Riset dengan survei daring yang melibatkan 4.584 responden ini menemukan, peningkatan konsumsi pada 25,7 persen orang yang mengkonsumsi minuman beralkohol dan peningkatan 20,1 persen pada orang yang merokok.
Pembatasan sosial
Namun, responden yang berdomisili di provinsi yang menerapkan pembatasan sosial berskala besar (PSBB) mengalami penurunan konsumsi alkohol. Demikian halnya, perilaku merokok juga lebih banyak mengalami penurunan.
”Hal ini dikaitkan dengan meningkatnya pemahaman warga terkait hubungan negatif antara merokok dan Covid-19 yang dapat memperburuk gejala. Akan tetapi, penurunan konsumsi rokok juga didapatkan berkorelasi dengan peningkatan jumlah gejala psikologis, seperti kecemasan, sensitivitas interpersonal, dan perilaku psikotik yang mungkin didorong akibat penurunan konsumsi nikotin,” papar Enjeline.
Kondisi global
Dampak pandemi terhadap tekanan psikologis hingga memengaruhi konsumsi rokok juga dilaporkan para peneliti dari Mailman School of Public Health Columbia University yang dipublikasikan dalam International Journal of Drug Policy pada 4 Maret 2021.
Hampir semua responden melaporkan peningkatan stres, meliputi ketakutan tentang virus, ketidakpastian pekerjaan, dan efek psikologis dari isolasi, serta menggambarkan hal ini sebagai pendorong utama peningkatan konsumsi rokok di Amerika Serikat selama masa penguncian (lockdown).
Mengingat bahwa perilaku penggunaan tembakau diperkirakan meningkat selama pandemi, tim peneliti dari Columbia University ini mengusulkan beberapa rekomendasi kebijakan. Di antaranya, perluasan pembatasan penjualan rokok, pembentukan dan penegakan aturan rumah bebas asap rokok untuk melindungi anggota rumah tangga, dan menjalankan terapi penggantian nikotin.

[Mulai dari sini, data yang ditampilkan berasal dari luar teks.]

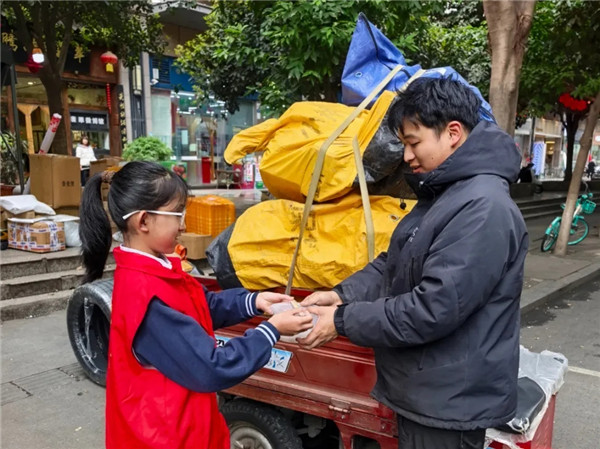 在快递分拣站,队员将元宵递到忙碌的快递员手中,向快递员叔叔、阿姨道一声辛苦,也送上节日的美好祝愿;楼栋院落间,环卫工人们正忙着清扫路面,队员贴心地递上元宵,送出心中的敬意与慰问;社区的独居老人家门前,队员送上热气腾腾的元宵,陪老人唠家常、说祝福,为独居老人的节日增添别样的温馨;小区安保岗亭内,队员向值守的保安叔叔敬标准队礼,送上元宵与祝福,了解他们守护社区平安的坚守,懂得了“责任”与“奉献”的意义。

Sejumlah kajian telah menunjukkan kaitan rokok dan risiko keparahan Covid-19. Misalnya, kajian Nicholas S Hopkinson dari National Heart and Lung Institute, Imperial College London dan tim di British Medical Journal (BMJ) edisi 22 November 2020 menyebutkan, orang yang merokok berada pada peningkatan risiko mengembangkan gejala Covid-19.
Kajian ini menganalisis data 2.401.982 pasien dengan usia rata-rata 43,6 tahun dan prevalensi merokok keseluruhan 11 persen. Sebanyak 834.437 (35 persen) melaporkan diri dalam kondiri tidak sehat dan mengalami satu atau lebih gejala.
Temuan utama dari kajian terhadap populasi prospektif yang besar ini adalah merokok dikaitkan dengan peningkatan risiko yang secara substansial mengembangkan gejala mengarah pada Covid-19, serta beban gejala lebih besar, yang menunjukkan dampak merokok pada tingkat keparahan penyakit. Di antara mereka yang positif Covid-19, perokok memiliki beban gejala lebih tinggi dan lebih cenderung perlu ke rumah sakit dibandingkan dengan nonperokok.